Third, even if one were to ignore both the above points, qualifying the front running prohibition only to intermediaries would beg the question who are intermediaries? I would find it very hard to believe that one must be registered with SEBI to be called an intermediary. If a portfolio manager to an FII is not an intermediary then who is? Merely relying on the definition of an intermediary who is required to be registered with SEBI will narrow the definition to exclude even investment advisors.
Fourth, SAT didn't even ask the question what happens to the hapless investors i.e. the final investors who comprise the FII vehicle. They might be 'widows and orphans' or pensioners who have been cheated. Isn't the point of the anti-fraud law to protect the investors.
Fifth, it makes no logical sense to restrict securities anti-fraud rule (even if one) to apply only to intermediaries and that too registered intermediaries. The point is to protect investors, not punish wrongdoers if they wear a particular hat.
Clearly, this is not the end of this story and SEBI will likely appeal against this.
1 comment:
First, there is a basic confusion over the exact nature of practice here. As per SAT Order, it’s front running, as per Passport’s internal investigations, it’s warehousing. These two are conceptually distinct, and the wrongdoer / victim analysis would change accordingly.

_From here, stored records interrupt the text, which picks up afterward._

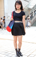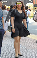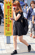 アジア系観光客と思われる女性。オールブラック・コーディネート...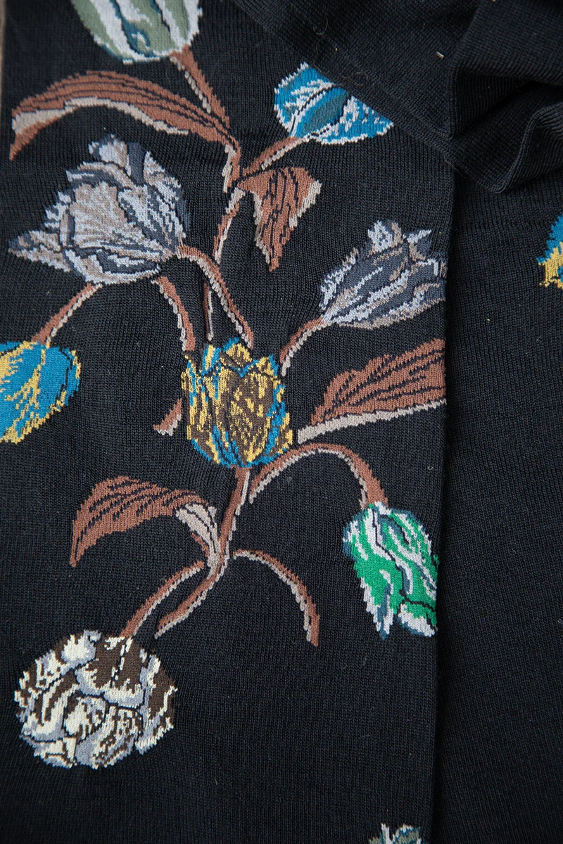 Made in Japan. One of my personal favorite Antipast scarves this season! On one side is beautiful, bold stems, leaves and blooming tulips. The colorful tulips are complimented by the woven bumble bee on the scarf and little bee that hangs from one end. Wrap her once or twice around your neck and more tulips appear from the other size. Wonderful design and warm, cozy and non-itchy wool. Perfect weight to tuck into your jacket or sweater. Did you see the matching gloves? Dimensions: 62" x 4.5". 70% wool + 30% nylon. $98.00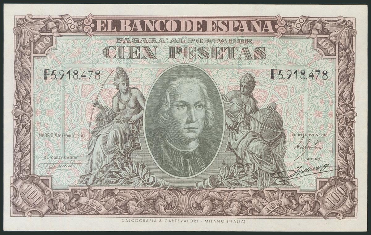 100 Pesetas. 9 de Enero de 1940. Serie F. (Edifil 2017: 438a). Apresto original. SC-.

Second, leaving that aside and assuming it to be a case of front running, I’ll try to argue the issue from both sides.
In support of SAT’s Order – One, Section 11(1)(e) and 12A do not define fraud per se, only ourlaw any fraudulent activity and empower SEBI to take appropriate measures. The whole issue here was whether front running by a non-intermediary is fraud or not, so invoking these provisions simply begs the question. Two, if front running (in general) amounts to fraud and therefore is covered under Regulation 3 of the FUTP 2003 Regulations, there was no need to specifically mention front running by an intermediary in Regulation 4., it becomes superfluous. Three, the inclusion of intermediary front running and omission of non-intermediary front running from Reg. 4 implies that SEBI intended to bring the former (but not the later) conduct with the definition of fraud.

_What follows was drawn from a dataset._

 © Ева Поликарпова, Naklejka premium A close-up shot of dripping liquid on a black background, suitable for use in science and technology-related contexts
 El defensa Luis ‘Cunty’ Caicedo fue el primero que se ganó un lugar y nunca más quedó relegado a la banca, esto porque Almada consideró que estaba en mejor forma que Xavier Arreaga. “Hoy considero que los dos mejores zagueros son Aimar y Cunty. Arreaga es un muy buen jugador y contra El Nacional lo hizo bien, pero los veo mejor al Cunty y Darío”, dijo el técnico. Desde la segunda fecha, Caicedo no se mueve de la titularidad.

Against – One, The Supreme Court has recently rejected a substantially similar argument in the Sahara case, so there is recent precedence to rely on. There, the argument was that since the Companies Act definition of `securities’ explicitly includes hybrids and the SCRA definition does not, hybrids are not securities for the purpose of SCRA. The SC rejected this rationale. Two, in a few cases, SAT likened front running to insider trading. Borrowing from insider trading jurisprudence regarding tipper – tipee liability, SAT could have probably fastened derivative tipee liability on KB (with D as the tipper). Three – An intermediary is prohibited from front running on the basis of information legitimately acquired by him during the course of his business. It is illogical that a third party who acquires the information illegally is allowed to do that!